Silicon dioxide (SiO₂)
A polymorphic compound, mostly found in the form of quartz.
silicon dioxide, quartz, sand, covalent network structure, gemstone, Quartz crystal, Amethyst, Flint, Agate, asbestos, glass, Glass manufacture, inorganic chemistry, chemistry
Silicon dioxide SiO₂
Melting point: 1,703 °C (3,097.4 °F)
Boiling point: 2,230 °C (4,046 °F)
Density: 2.26 g/cm³ (0.0816 lb/in³)
Hardness: 7 (on the Mohs scale of mineral hardness)
Silicon dioxide exists in several varieties, all of which have diamond-like crystal structures. It occurs in the form of quartz in the largest volume. Quartz crystals are colorless, but small amounts of impurities color them. Quartz crystals are optically active.

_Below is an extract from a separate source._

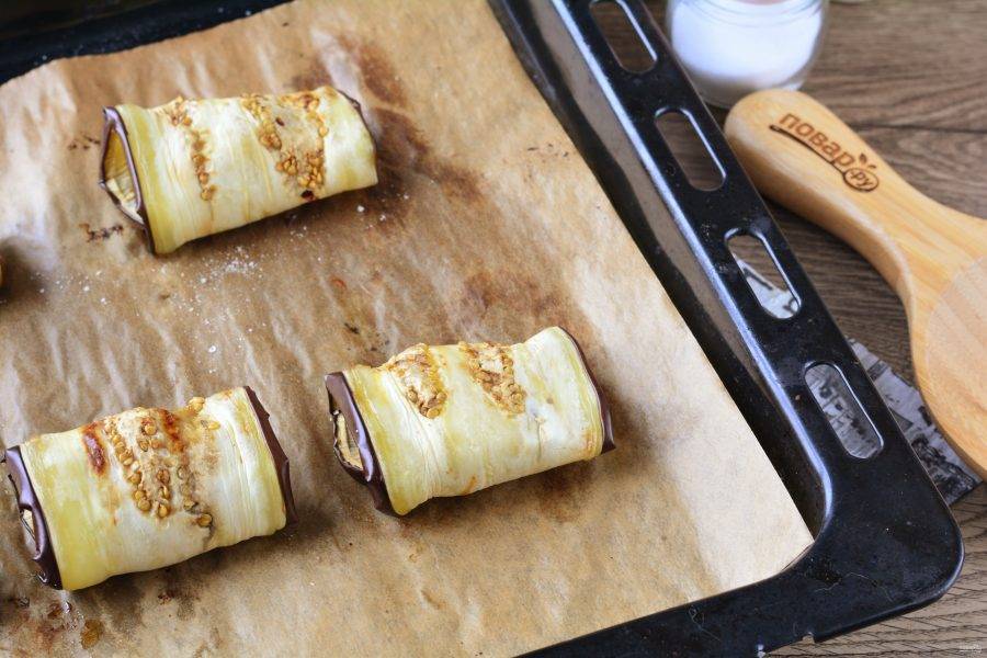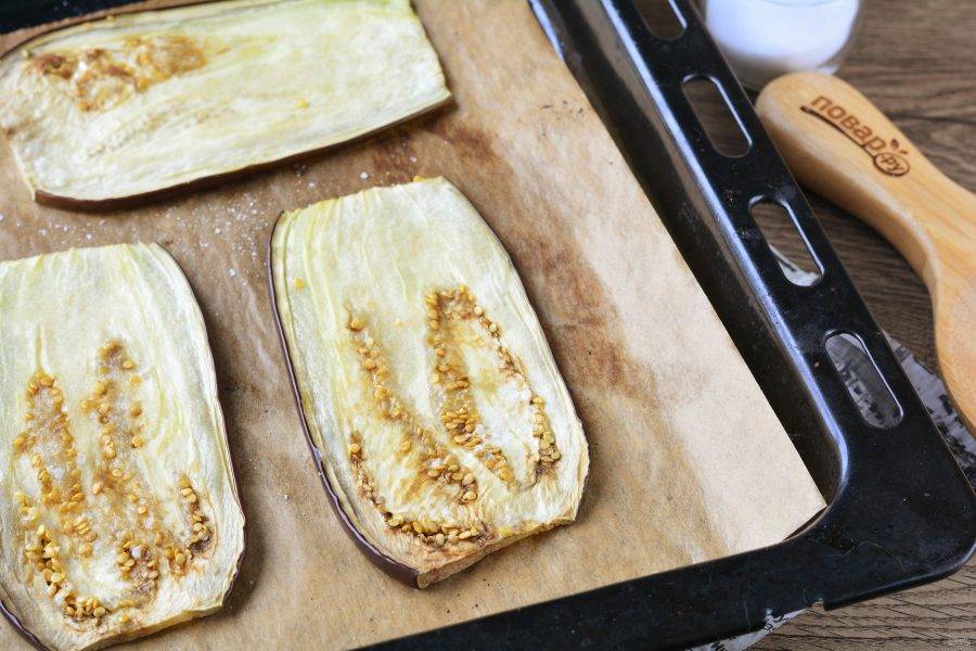 Баклажаны смажьте растительным маслом и выложите на противень, запекайте в духовке 25-30 минут до мягкости при температуре 200 градусов.
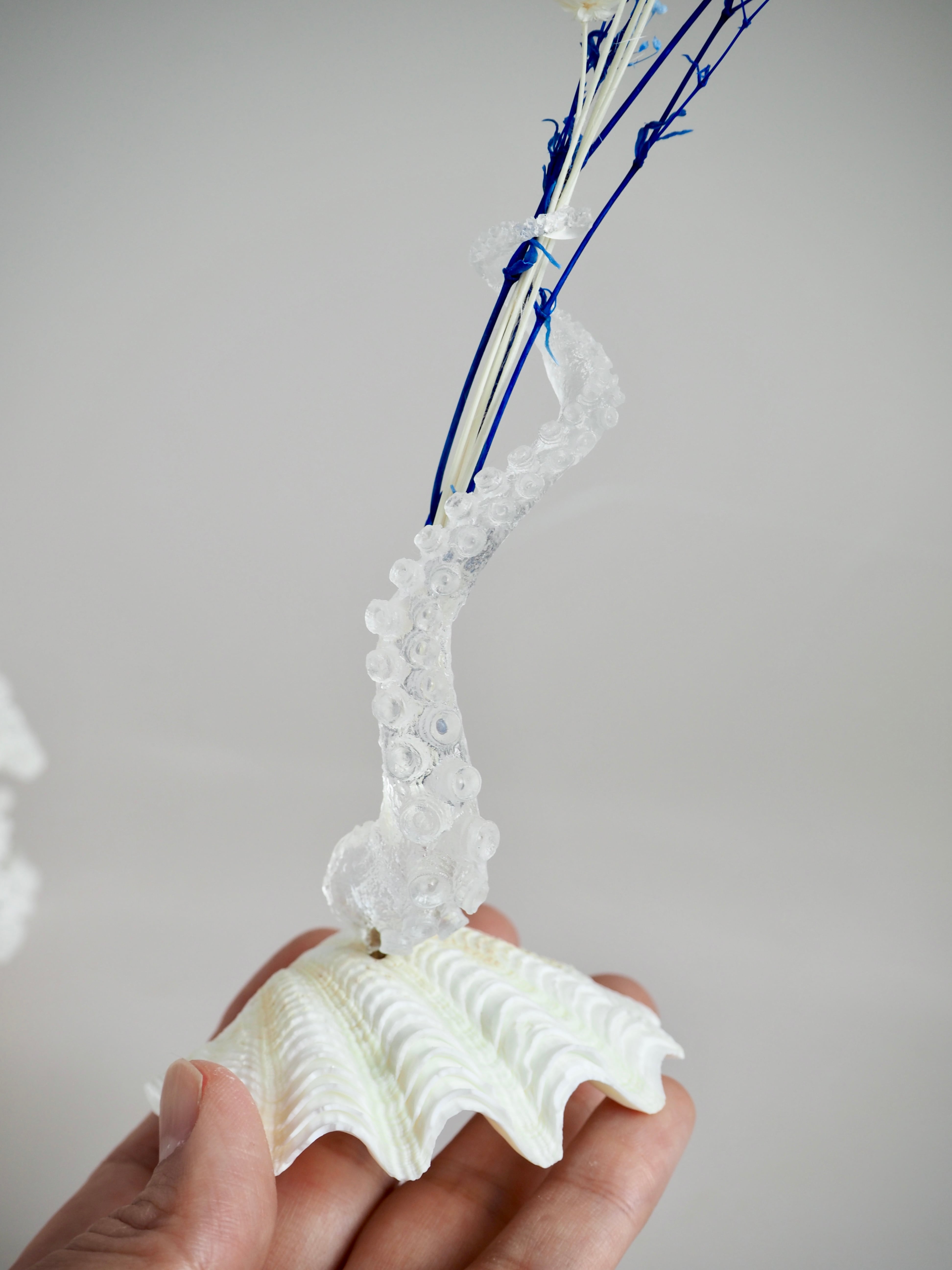 タコがくるんとお花に巻き付く一輪挿し。本物のタコを型取りして制作しました。

Silicon dioxide is a very resistant substance; it does not dissolve in water, hydrochloric acid, sulfuric acid or other mineral acids. It breaks down in hydrofluoric acid (a solution of hydrogen fluoride in water). It dissolves well in hot bases and alkali hydroxides.
Occurrence and production
It occurs in large quantities in gneiss, mica slate, quartzite, sedimentary rocks and seams. Several varieties of quartz are considered gemstones, for example rock crystal, amethyst, chrysoprase, opal and jasper.
Silicon dioxide is used as an abrasive in the leather, wood, rubber, aluminium and steel industries. It is a raw material in the production of glass and ceramics. Due to its thermoluminescence it is also used to determine the age of ceramics.